Given these conditions, the Trump administration is finding it hard to completely scuttle the deal. It is unlikely that any of the other signatories to the deal would agree to re-impose sanctions. The White House has found a work around. For weeks a trial balloon has been floating inside the Beltway; the administration will declare that the JCPOA is not in the “national interest” of the United States, and make Congress responsible for determining its future. This is a shrewd move for the administration domestically. It allows Trump to claim victory against the deal without dangerously escalating the situations as Mattis and Tillerson understand unilateral decertification would.

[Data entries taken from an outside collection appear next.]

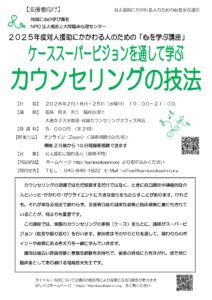 【支援者向き】2025年度心を学ぶ講座「ケーススーパービジョンを通して学ぶ カウンセリングの技法」
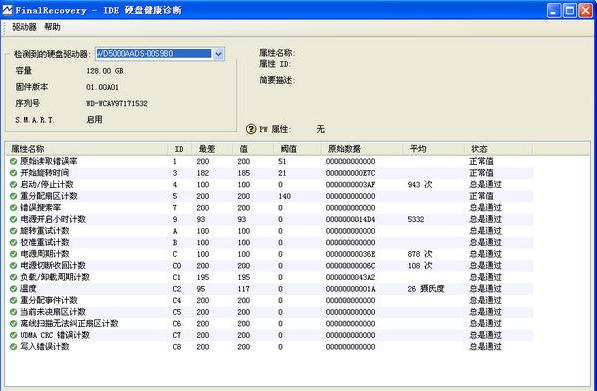 | Windows 7,中文名稱視窗7,是由微軟公司(Microsoft)開發的操作系統,內核版本號為Windows NT 6.1。Windows 7可供家庭及商業工作環境:筆記本電腦 、平板電腦 、多媒體中心等使用。Windows 7可供選擇的版本有:入門版(Starter)、家庭普通版(Home Basic)、家庭高級版(Home Premium)、專業版(Professional)、企業版(Enterprise)(非零售)、旗艦版(Ultimate)。 今天Win7系統之家給大家帶來的是利用FinalRecovery軟件對Win7系統IDE硬盤健康診斷的方法。如果你也想對IDE硬盤進行健康診斷的話,請跟著小編以下的健康診斷的方法來操作吧。一、準備工作: 1、下載FinalRecovery數據恢復軟件。 二、健康診斷步驟 1.打開FinalRecovery的主界面,點擊“IDE硬盤健康診斷”。 ![]() 2、系統執行操作后,窗口中就會顯示了硬盤驅動器的診斷信息了。 windows 7 的設計主要圍繞五個重點——針對筆記本電腦的特有設計;基于應用服務的設計;用戶的個性化;視聽娛樂的優化;用戶易用性的新引擎。 跳躍列表,系統故障快速修復等,這些新功能令Windows 7成為最易用的Windows。 |
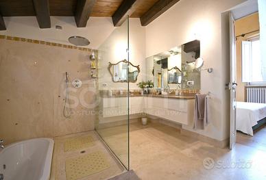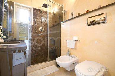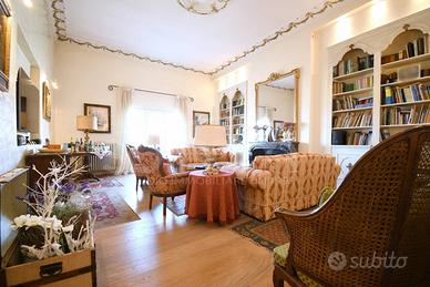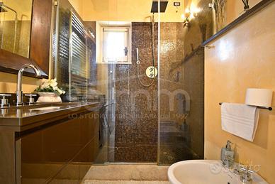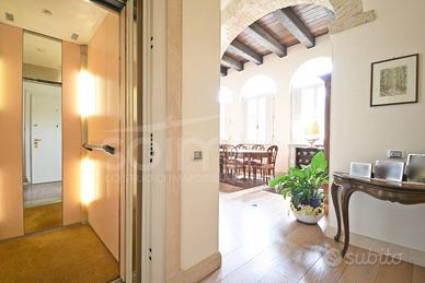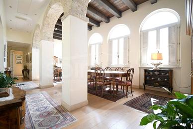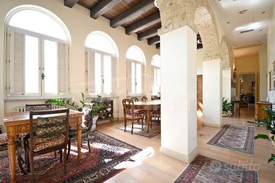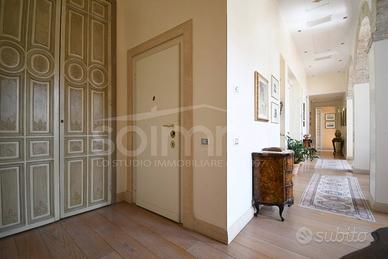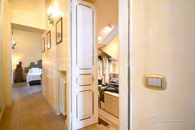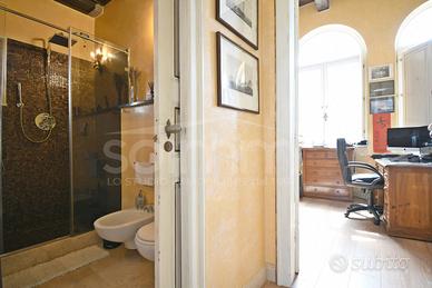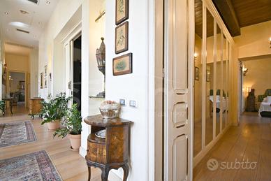 Distribuito su due livelli, lattico accoglie con un luminoso salone arricchito da un pregiato camino ottocentesco in marmo nero francese e balcone con affaccio sul Corso. La zona giorno prosegue con unampia sala da pranzo, una cucina abitabile con tinello e uno studio. La zona notte del primo livello offre due camere padronali, entrambe con bagno privato dotato di sanitari sospesi, cabine armadio e dettagli ricercati.
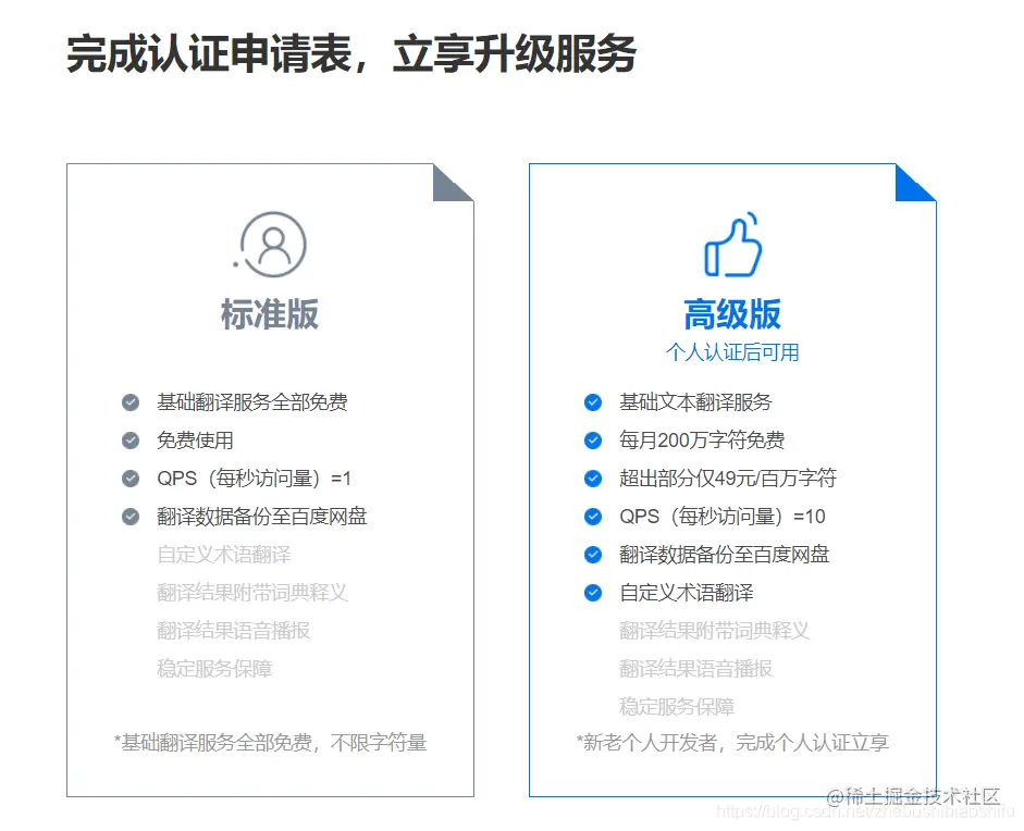 如下图,可以看到如果认证了个人身份,即可使用高级版的翻译接口。
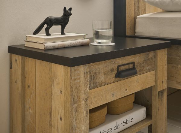 Nachttisch "Stove" in Used Wood hell und anthrazit Nachtkommode mit Schubkasten 60 x 46 cm
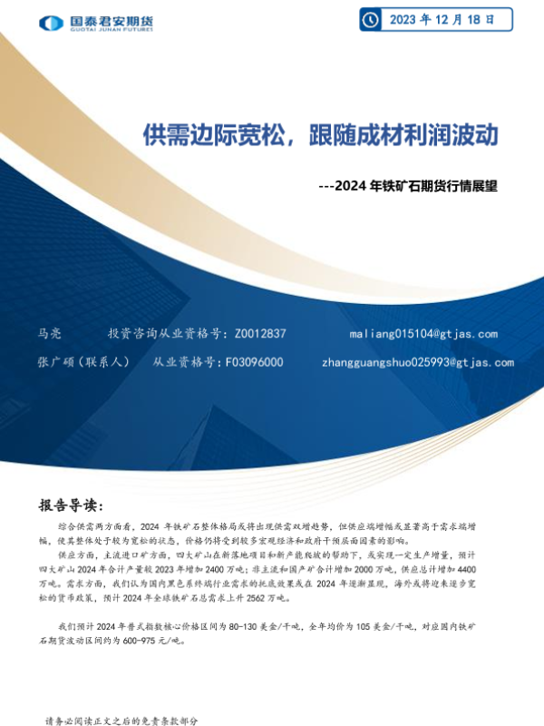 【国泰君安期货】【20231218】2024年铁矿石期货行情展望:供需边际宽松,跟随成材利润波动-21页

Putting a decision like the continuation of the JCPOA in the hands of Congress is inherently dangerous. Despite the extensive support of congressional staffers, the Congressional Budget Office (CBO), and Congressional Research Service (CRS), Congress does not have the resources and expertise that the executive branch does. The foremost asset for the executive branch in these matters is the National Security Council (NSC). Established by the 1947 National Security Act, signed by President Harry S. Truman, the NSC truly came into its own under his successor, President Dwight D. Eisenhower. As Supreme Allied Commander Europe Eisenhower was known for the importance he placed on staff work and planning, and is quoted as saying, “Plans are useless, planning is essential.” Eisenhower continued this as president, and used the NSC’s staff to create comprehensive assessments of global events that reflected military, diplomatic, intelligence, and economic perspectives.

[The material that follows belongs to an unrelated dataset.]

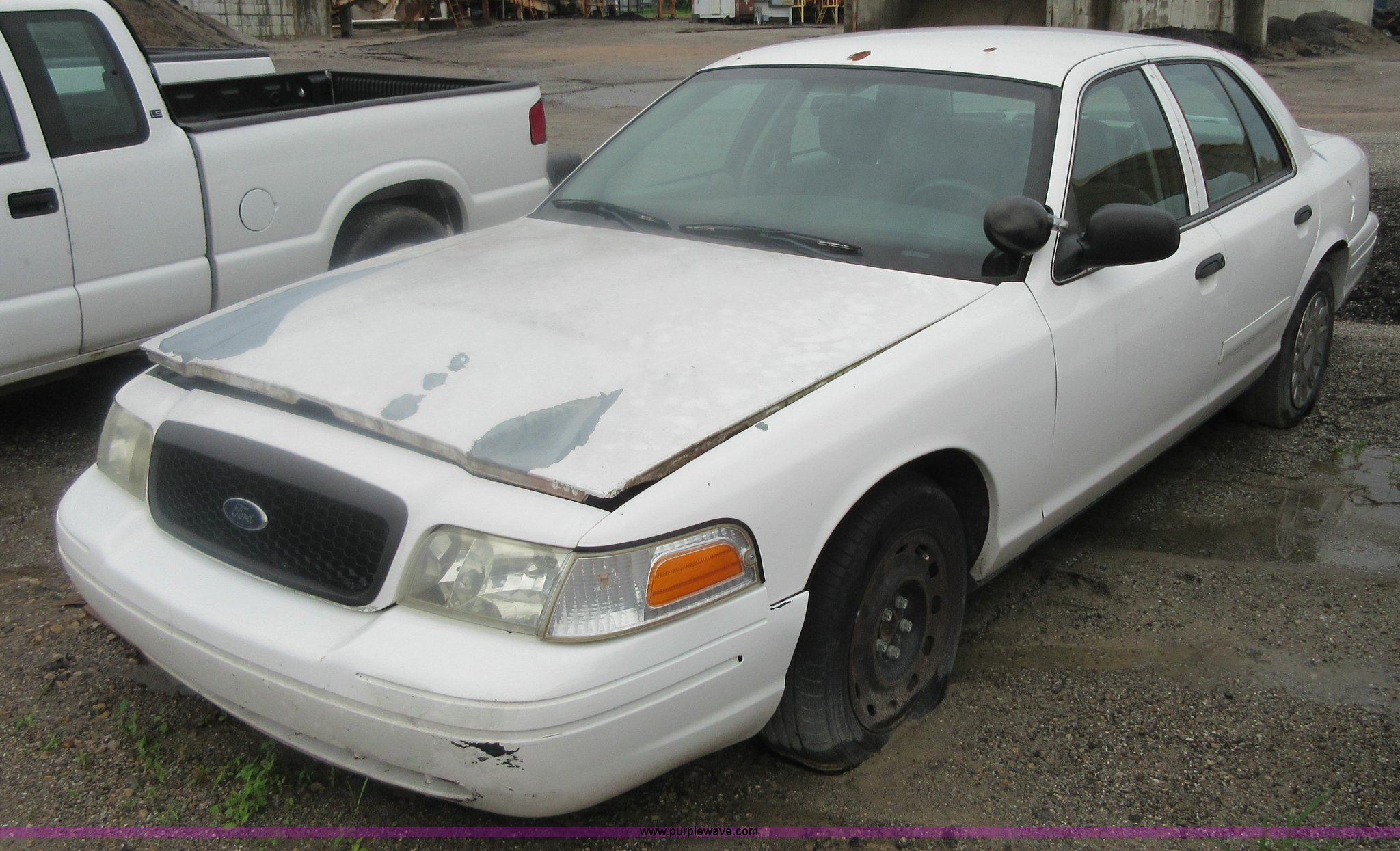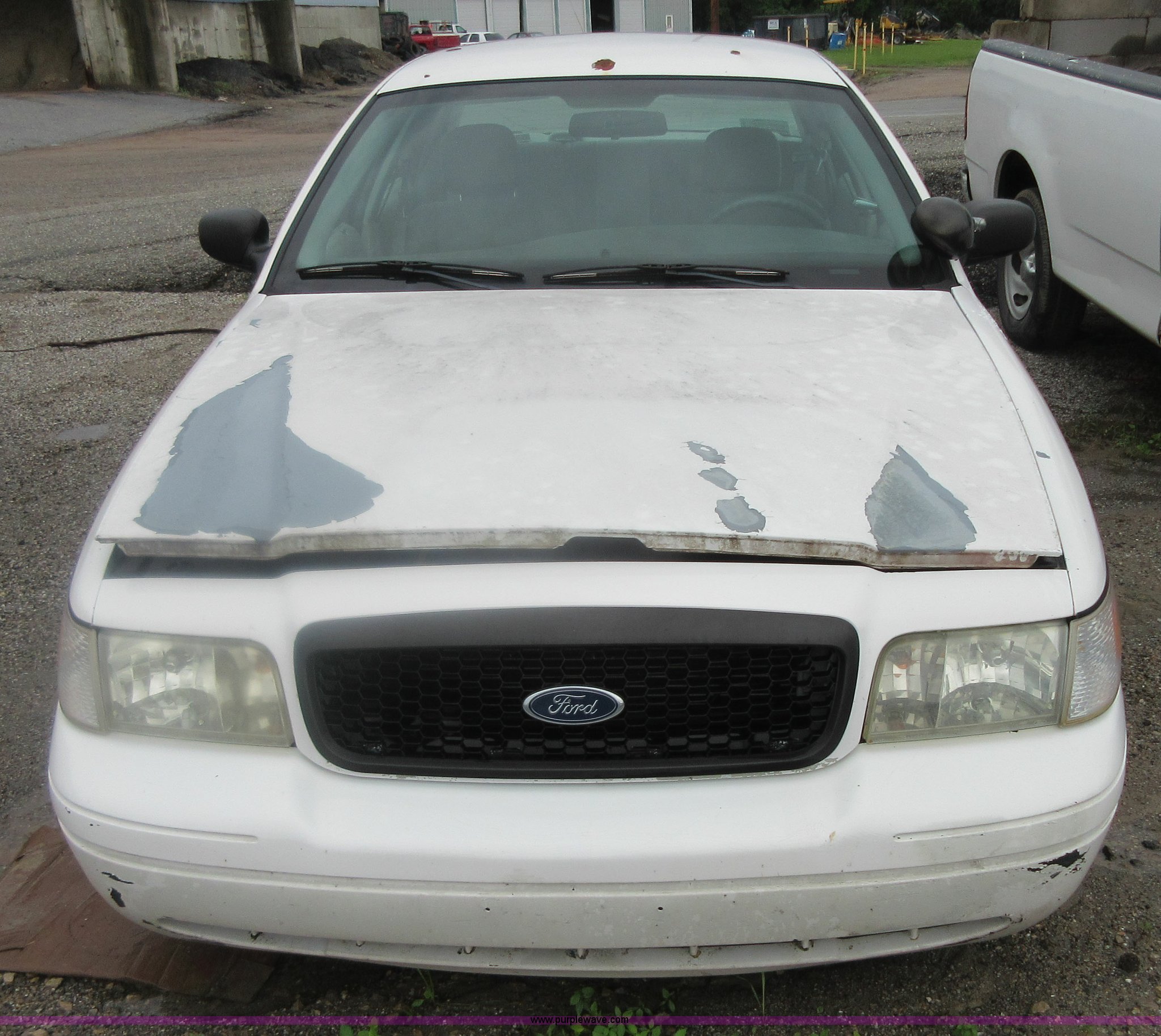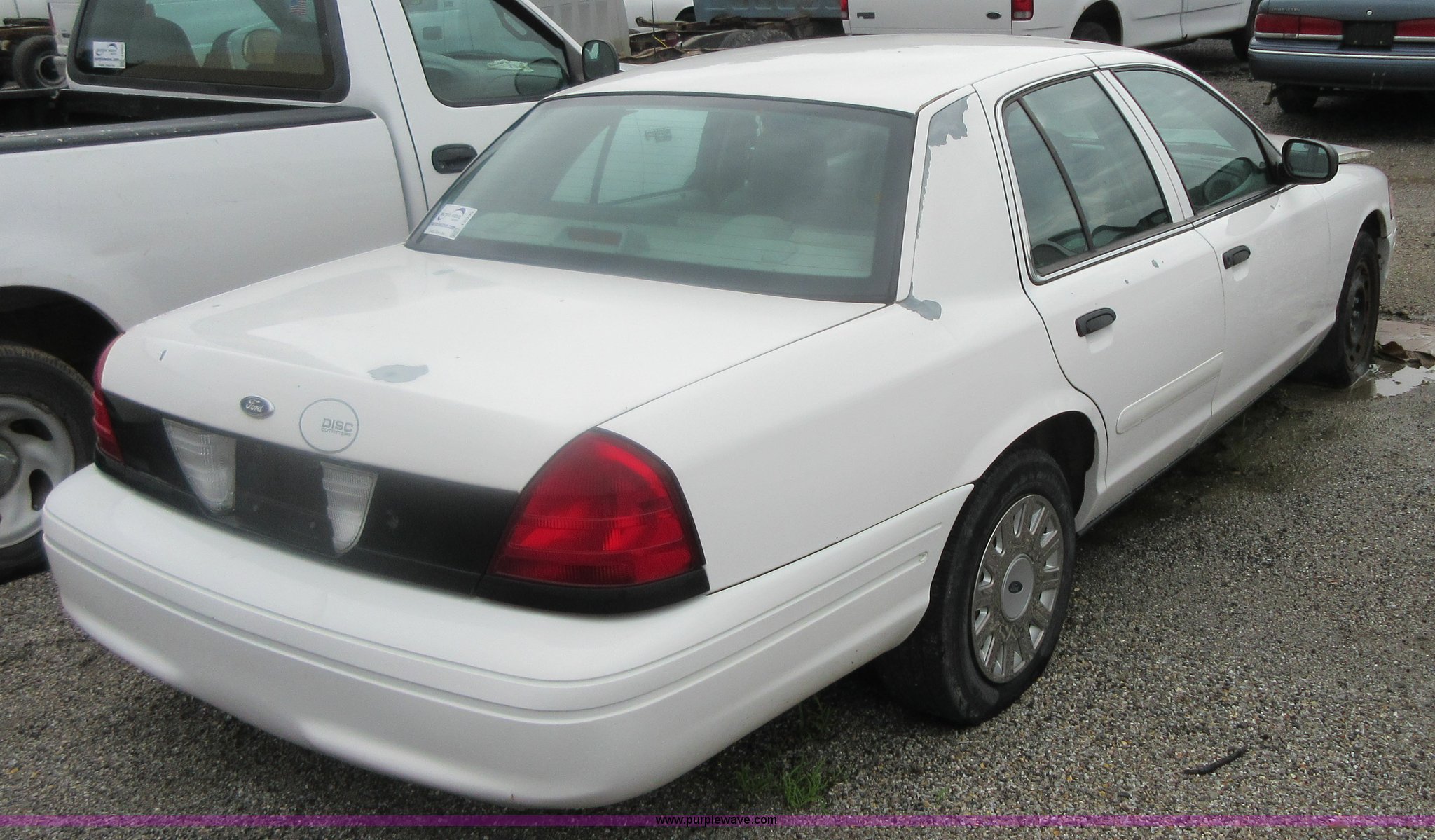 Purple Wave is selling a used Passenger Vehicle in Kansas. This item is a 2004 Ford Crown Victoria Police Interceptor with the following: 148,134 miles on odometer, 4.6L V8 SOHC 16V gas engine, Automatic transmission, AC and heat, Tilt, Cruise, AM/FM/cassette, Power windows, locks, mirrors, and seat, Cloth interior, Spot light, 225/60R16 tires, Interior/exterior cosmetic damage, Tires need to be replaced, Differential whine, Windshield cracked, Paint peeling, Dead battery, Unit # 334-001

In the decades since 1947 the NSC has been an unqualified success, bureaucratically speaking. President after president have imbued it with more and more power as they have steadily eroded the authority of older parts of the executive branch, the State Department in particular. In the twenty first century the most important presidential appointment is the National Security Advisor (NSA). Unlike the Secretaries of State and Defense and their Undersecretaries and staffs, the NSA and the staff of the NSC do not have to be approved by Congress. The need to select compromise candidates for head the Departments of State and Defense has slowly increased their role as bureaucratic managers and decreased their policy influence, a trend that can be seen in the administrations of George W. Bush and Barak Obama especially.

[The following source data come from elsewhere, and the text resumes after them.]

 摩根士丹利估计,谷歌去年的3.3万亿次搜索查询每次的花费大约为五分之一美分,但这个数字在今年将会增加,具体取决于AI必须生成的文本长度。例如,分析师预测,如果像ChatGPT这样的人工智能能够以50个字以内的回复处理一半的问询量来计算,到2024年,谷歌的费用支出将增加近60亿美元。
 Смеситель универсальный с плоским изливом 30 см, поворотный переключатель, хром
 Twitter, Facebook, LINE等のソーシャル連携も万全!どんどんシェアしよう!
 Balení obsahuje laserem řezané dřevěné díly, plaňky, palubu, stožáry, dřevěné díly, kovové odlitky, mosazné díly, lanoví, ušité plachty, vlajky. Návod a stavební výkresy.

In the twenty first century the government body with the resources and expertise effectively assess and make policy recommendations on important policies like the JCPOA is the National Security Council. The Constitution invests the executive branch with responsibility for foreign policy for a multitude of reasons; the Senate is responsible only for the ratification of treaties. Making Congress responsible for the Joint Comprehensive Plan of Action is both reckless and could herald a new era in American foreign policy making; Quarterback by Committee.